Downloading Data from the CMIP6 Website: A Walkthrough

In this tutorial, we will go through the process of finding and downloading information from the Coupled Model Intercomparison Project phase 6, or CMIP6. Here, we will rely on the CMIP6 data portal hosted by the Earth System Grid Federation, also known as ESGF: more information on how this hosting service is configured can be found on the CMIP Data Access site.

Note: if you go through the steps in this tutorial, the data downloaded will be what you need to complete the time series plotting exercise on our companion Github page. We recommend going there next and working through the code!

Step 1: Decide on what data should be downloaded

The first thing to do is always to decide on your goals. Here we will focus on the surface air temperature data from the Canadian Earth System Model version 5 (CanESM5), over the historical period (1850-2014). The CanESM5 is a newer model, and data using this model were submitted to the CMIP6 project.

(note: this is the same dataset mentioned in the Data Naming Conventions example.)

Step 2: Locate the appropriate data files

This is the most complicated part of the process, since it involves navigating the various models and experiments on the ESGF. The location of the data portal is here: https://aims2.llnl.gov/search

You will see that this page is a search interface, meant to help users locate the portions of the massive CMIP archive that are useful for their particular application. 

Step 3: Select the project – CMIP6

The first thing to do is to select the project you are interested in. In this case, we know that CanESM5 is a CMIP6 model, so we should choose this option. 

In some cases, we might also be interested in slightly older data (for instance, to see how projections have changed when using newer models) – for this reason, the older phases of CMIP are also included (the CMIP5 and CMIP3 options in the drop-down menu). But here CMIP6 should do just fine!

Step 4: Refine the search further

We next want to specify the other parameters of the search enough to find the appropriate files (the step above returns over 13 million results!) There are several sets of drop-down menus on the left-hand side of the page, which specify different aspects of the desired dataset.

There are multiple ways of refining your search, and we encourage you to play around with the menus until you find one you prefer! Here is the one we tend to use:

Specify the experiment: historical

Restrict the search to simulations of the observational period – these are called “historical” in CMIP6 terms. This can be found by expanding the “Identifiers” menu and specifying “historical” in the “Experiment ID” field.

Note: if you start typing “historical” into the search box, you’ll see that there are several other experiments that start with “hist”. For instance, “hist-nat”, “hist-aer”, etc. These are not what you want right now! They refer to simulations where only some of the actual factors that impact the climate are included (i.e. not changing greenhouse gas emissions, things like that).

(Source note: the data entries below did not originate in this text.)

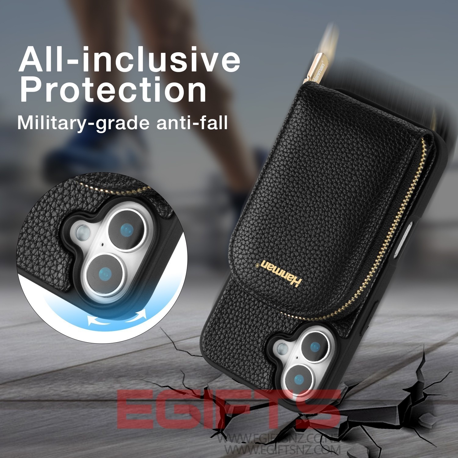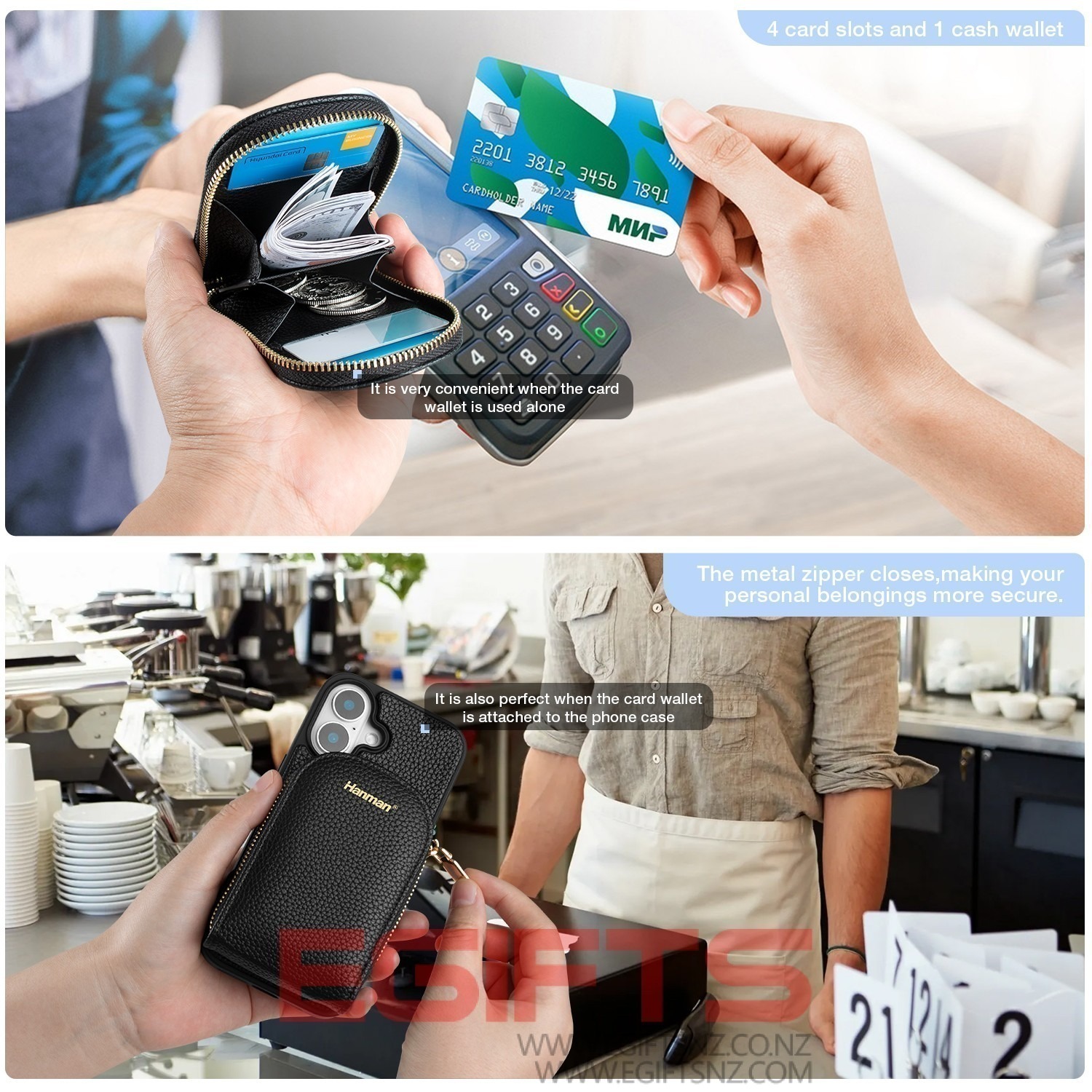 - Large Capacity Wallet Case:Hanman foriPhone 17 Pro case wallet is equipped with 4 card slots as well as 2 cash pocket for the storage of little money and various cards such as ID card,debit card,driver’s license,and so on.What’s more,smooth zipper closure on the cross body case wallet can ensure the safety of your belongings
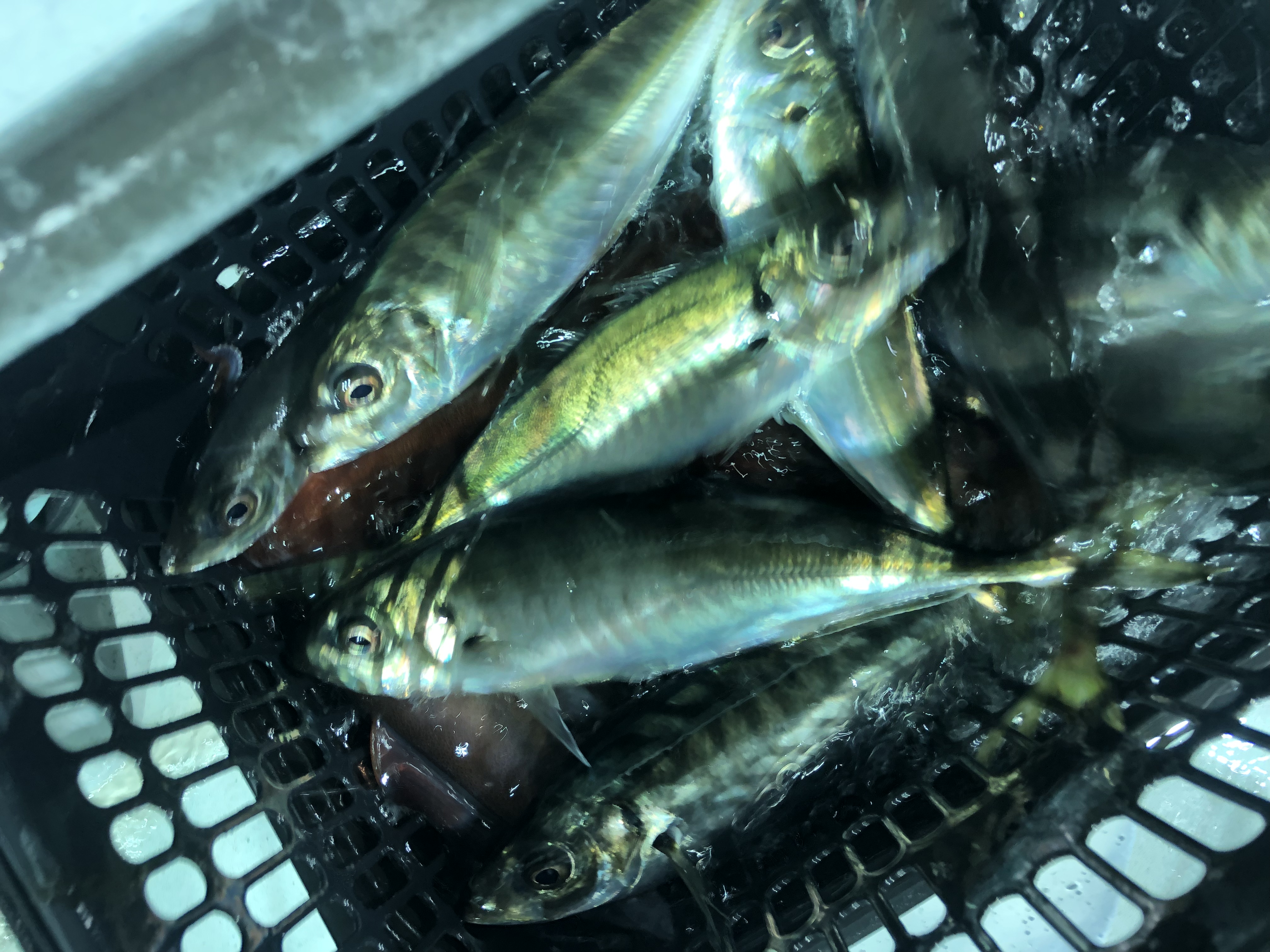 21時半過ぎにアジの反応が!バチコン仕掛けに変えて一投目からヒット!30cm程のアジが入れ食いに!
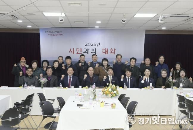 [경기핫타임뉴스=김형철 기자] 상패동 행정복지센터는 2026년 1월 14일, 박형덕 동두천시장을 비롯해 시·도의원, 지역 사회단체장 및 주민 등 50여 명이 참석한 가운데 ‘2026년 시민과의 대화’를 개최했다.
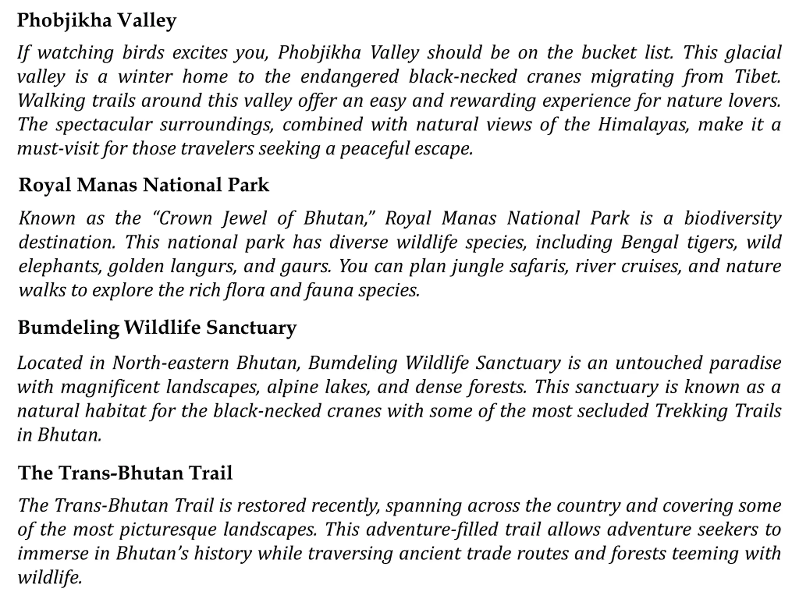 Phobjikha Valley If watching birds excites you, Phobjikha Valley should be on the bucket list. This glacial valley is a winter home to the endangered black-necked cranes migrating from Tibet. Walking trails around this valley offer an easy and rewarding experience for nature lovers. The spectacular surroundings, combined with natural views of the Himalayas, make it a must-visit for those travelers seeking a peaceful escape. Royal Manas National Park Known as the Crown Jewel of Bhutan, Royal Manas National Park is a biodiversity destination. This national park has diverse wildlife species, including Bengal tigers, wild elephants, golden langurs, and gaurs. You can plan jungle safaris, river cruises, and nature walks to explore the rich flora and fauna species. Bumdeling Wildlife Sanctuary Located in North-eastern Bhutan, Bumdeling Wildlife Sanctuary is an untouched paradise with magnificent landscapes, alpine lakes, and dense forests. This sanctuary is known as a natural habitat for the black-necked cranes with some of the most secluded Trekking Trails in Bhutan. The Trans-Bhutan Trail The Trans-Bhutan Trail is restored recently, spanning across the country and covering some of the most picturesque landscapes. This adventure-filled trail allows adventure seekers to immerse in Bhutan s history while traversing ancient trade routes and forests teeming with wildlife.
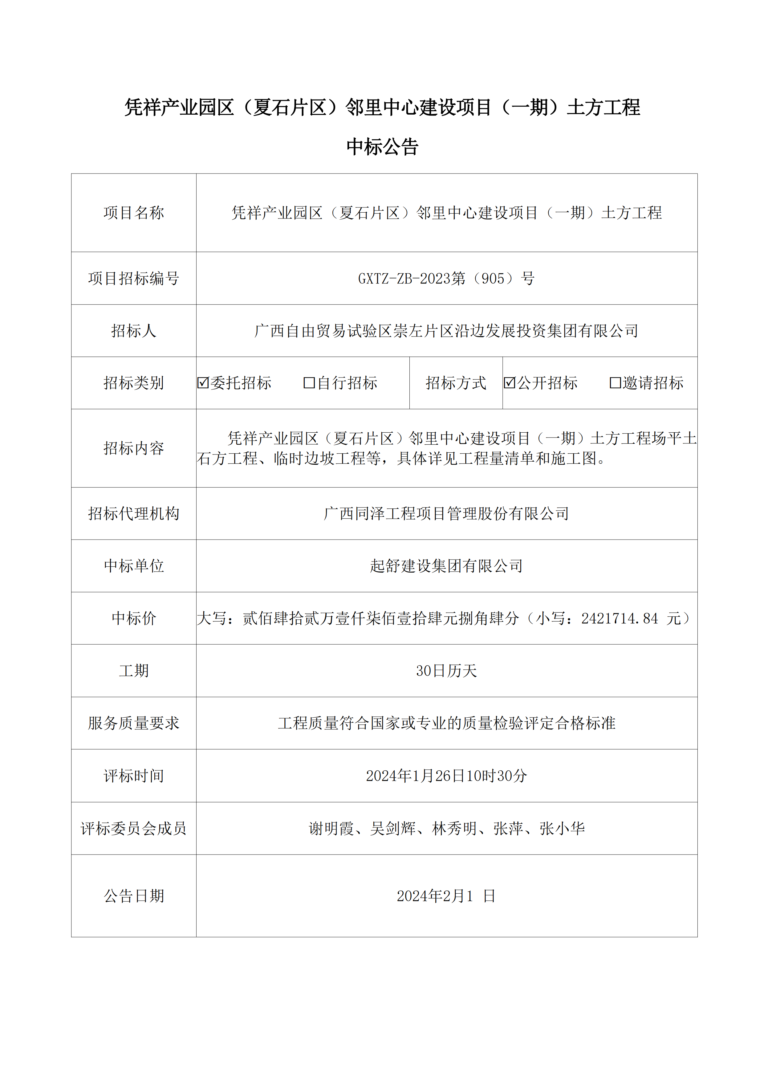 憑祥產業園區(夏石片區)鄰里中心建設項目(一期)土方工程中標公告
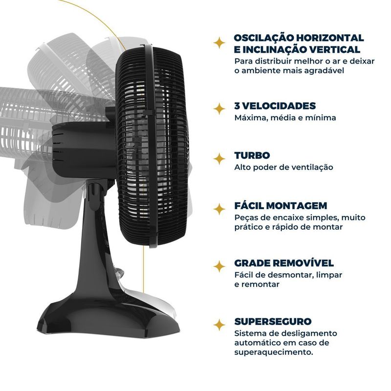 • Oscilação horizontal automática com novo sistema de acionamento (botão integrado à carcaça)
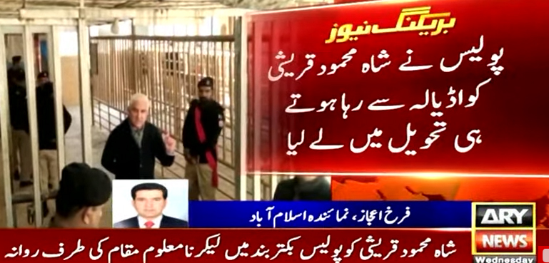 اے آر وائی نیوز کے مطابق پی ٹی آئی کے سینیئر وائس چیئرمین شاہ محمود قریشی کو اڈیالہ جیل سے رہا کر دیا گیا تاہم جیل سے نکلتے ہی تھانہ آر اے بازار پولیس نے انہیں دوبارہ گرفتار کرلیا ہے اور انہیں بکتر بند میں لے کر نامعلوم مقام کی طرف روانہ ہو گئی ہے۔
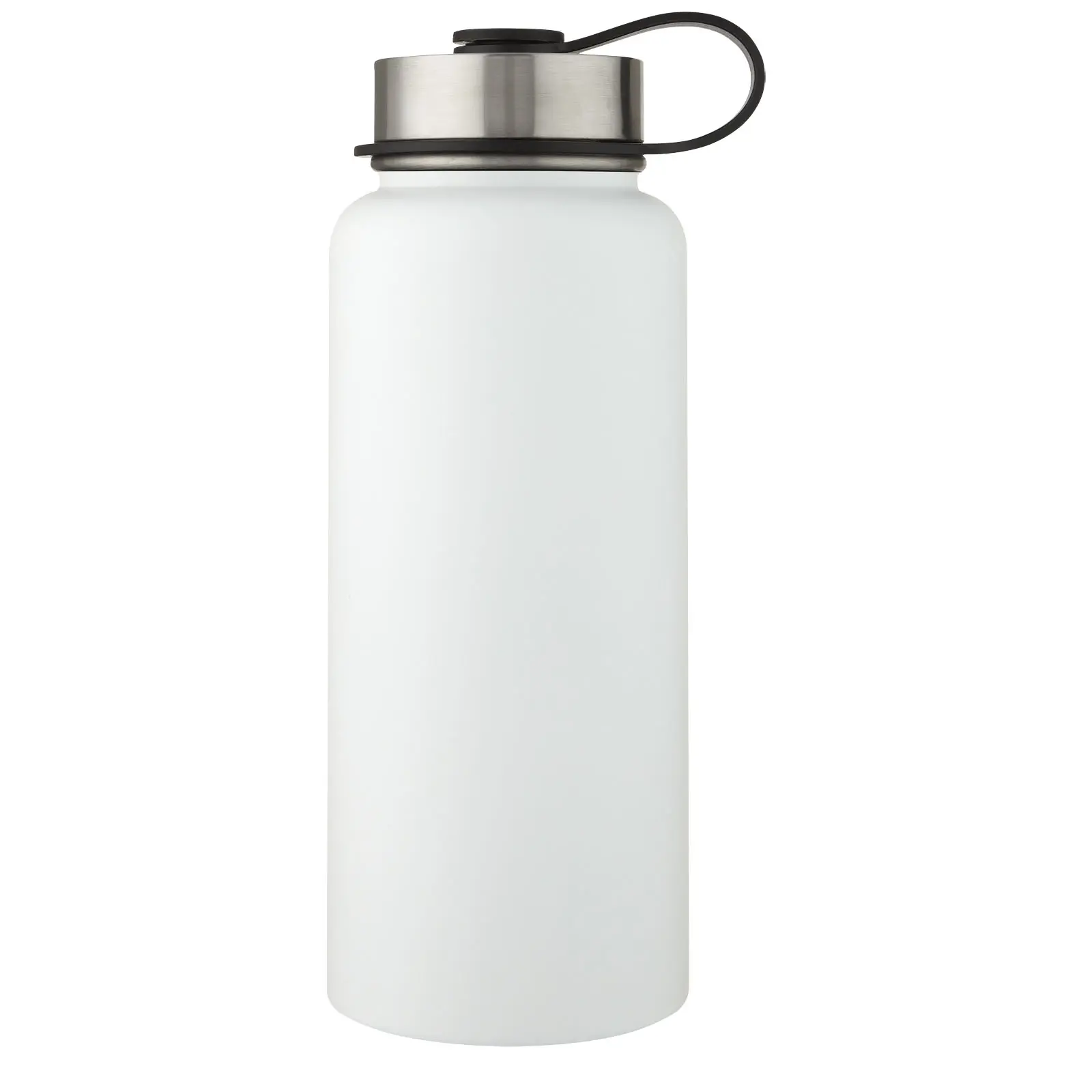 Two-in-one double-walled stainless steel sport bottle with copper vacuum insulation featuring 2 lids: one lid with a straw for easy drinking and one leakproof screw-on lid with handling loop. The insulated 18/8 stainless steel construction prevents condensation on the outside of the bottle, and the on-trend powder coating finish makes it extra durable. Wide opening mouth for easy filling, pouring and cleaning. BPA-free, tested and approved under German Food Safe Legislation (LFGB). Tested and approved for phthalates content according to REACH regulations. Perfect for ice cubes. Volume capacity is 1 litre. Hand wash recommended. Presented in a recycled cardboard gift box.
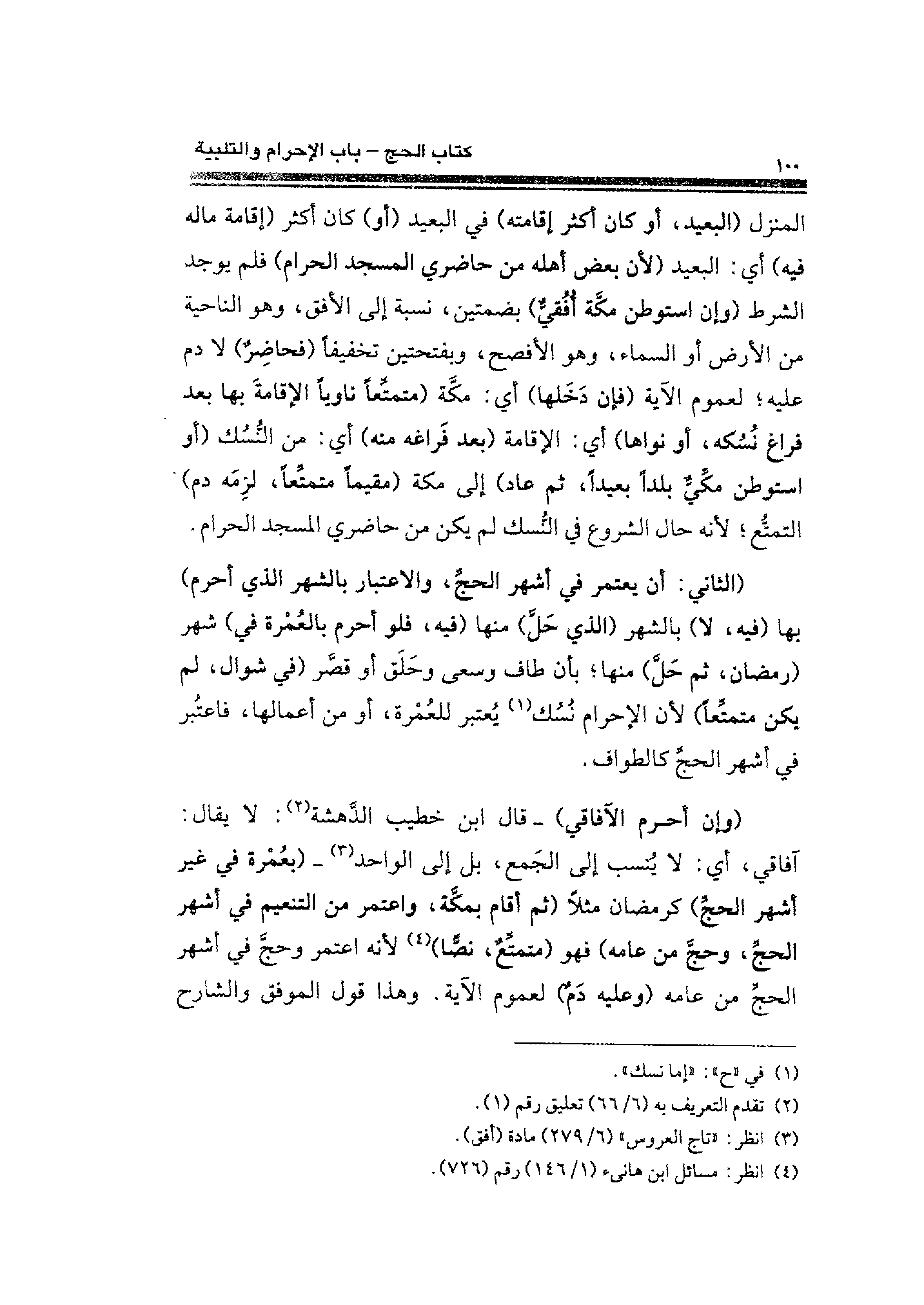 المنزل (البعيد، أو كان أكثر إقامته) في البعيد (أو) كان أكثر (إقامة ماله فيه) أي: البعبد (لأن بعض أهله من حاضري المسجد الحرام) فلم يوجد الشرط (وإن استوطن مكة أُفُقيٌّ) بضمتين، نسبة إلى الأفق، وهو الناحية من الأرض أو السماء، وهو الأفصح، وبفتحتين تخفيفًا (فحاضِرٌ) لا دم عليه؛ لعموم الآية (فإن دَخَلها) أي: مكَّة (متمتعًا ناويًا الإقامةَ بها بعد فراغ نُسُكه، أو نواها) أي: الإقامة (بعد فَراغه منه) أي: من النُّسُك (أو استوطن مكيٌّ بلدًا بعيدًا، ثم عاد) إلى مكة (مقيمًا متمتًعًا، لزِمَه دم) التمتُّع؛ لأنه حال الشروع في النُّسك لم يكن من حاضري المسجد الحرام.

The “historical” experiment is the one that includes everything – both human and natural influences on the climate.

When these two fields are selected, this is the screen that results:

The list is shorter – but still much too long for what we’re trying to do.

Specify the model: CanESM5

Since we know that we’re only after the CanESM5 output right now, we can restrict the output to only data generated with that model. This is listed under the “Identifiers” dropdown, in the “Source ID” field (since models are, after all, the sources of the data we’re trying to work with).

After typing “CanESM5” into the Source ID field, the search is now further restricted:

But 50,000 results is still way too many!

Specify the model component and variable of interest

We can really narrow things down a lot further by specifying that we’re interested in atmospheric output from CanESM5, and specifically the surface air temperature (“tas”) field. Both of these can be found under the “Classifications” dropdown!

To specify the atmosphere, go to the “Realm” search field and select “atmos”. Then to select the tas variable, go to “Variable ID” and enter “tas”. Note: if you’re looking for a given variable and you don’t know what its name is, you can also search using the “CF Standard Name” field. This is basically the plain English name, and if you start typing in “temperature”, for instance, the tas variable will also come up!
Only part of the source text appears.